Guangzhou commune

From Anarchy In Action

Shifu, an anarchist influenced by Kropotkin, established the Crock-Crow Society in 1912 in the city of Guangzhou. The Crock-Cow Society published an influential anarchist journal, People's Voice. Shifu and his followers helped launch a number of communal experiments and labor organizing efforts that continued in Guangzhou after Shifu's death in 1915.[1] In Guangzhou, Shifu's followers organized China's first modern labor unions. By 1920 they organized almost forty unions in Guangzhou, including the Teahouse Labor Union in 1918 which had 11,000 members.[2]

Chinese and Korean anarchists collaborated on projects such as the Movement for Rural Self-Defense Communities in Guanzhou in the 1920s. The area "was firmly controlled by the Chinese anarchist Quin Wangshan (1891-1970) under the Quomindang banner, with support from Xu Zhuoran, a graduate of Huangpu Military Academy who sympathized with anarchist ideals."[3]

When the nationalist Quomindang party purged its anarchist members in 1927, many anarchists found refuge in Guangzhou. They called it "a heaven of place," a utopia.[4]

It has been claimed that from 1921 to 1923, "the entire city was run as an anarchist commune"[5] and "the entire city of Guangzhou in China" was "an anarchist commune for a year."[6]

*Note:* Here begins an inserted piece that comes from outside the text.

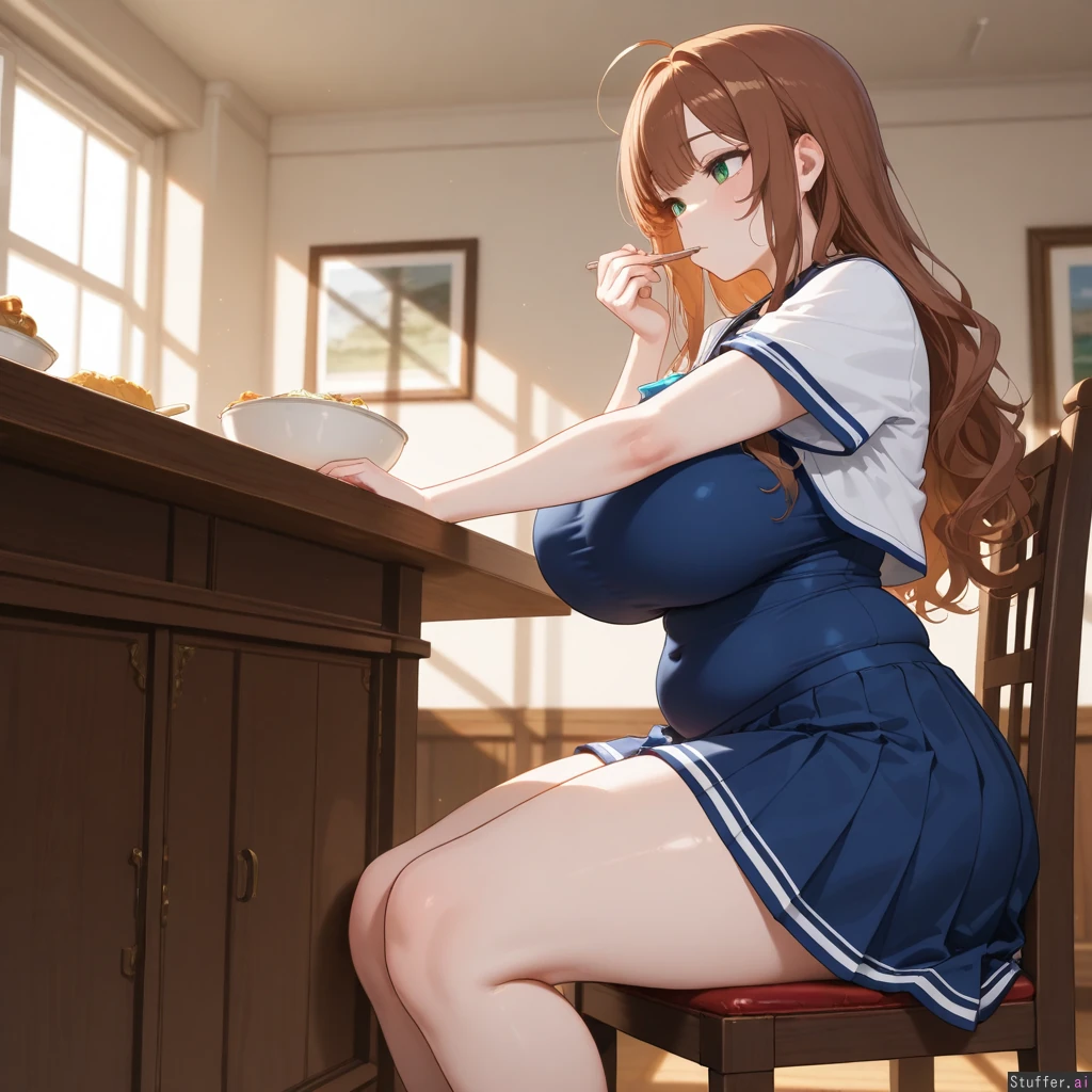 Anime, solo, perfect anatomy, anime-like, beautiful shading, beautiful lighting, high quality, (masterpiece), HDR, dreamcore, (Blue academy outfit, blue pleated skirt, white shawl, covered navel, short), Long wavy brown hair, brown bangs, green eyes, pale skin, short Dining room, buffet, sitting, cushioned chair, glutton, eating, focused, horny, ((Side view)), (((Normal weight))), Chubby face, chubby plump arms, (Huge breasts), huge hips, hips_wider_than_shoulders, huge butt, huge thighs

  1. Afir Dirlik, "Anarchism and the Question of Place: Thoughts from the Chinese Experience" in ed. Steven Hirsch and Lucien Van Der Walt, Anarchism and Syndicalism in the Colonial and Postcolonial World, 1870-1940: The Praxis of National Liberation, Internationalism, and Social Revolution (London and Boston: Brill, 2010), 138.
  2. Afir Dirlik, Anarchism in the Chinese Revolution (Berkeley and Los Angeles: Regents of the University of California, 1991), ch. 4. Michael Schmidt, Cartography of Revolutionary Anarchism.
  3. Dongyoun Hwang, "Korean Anarchism Before 1945: A Regional and Transnational Approach" in Anarchism and Syndicalism in the Colonial and Postcolonial World, 118.
  4. Hwang, "Korean Anarchism Before 1945".
  5. Schmidt, Cartography of Revolutionary Anarchism.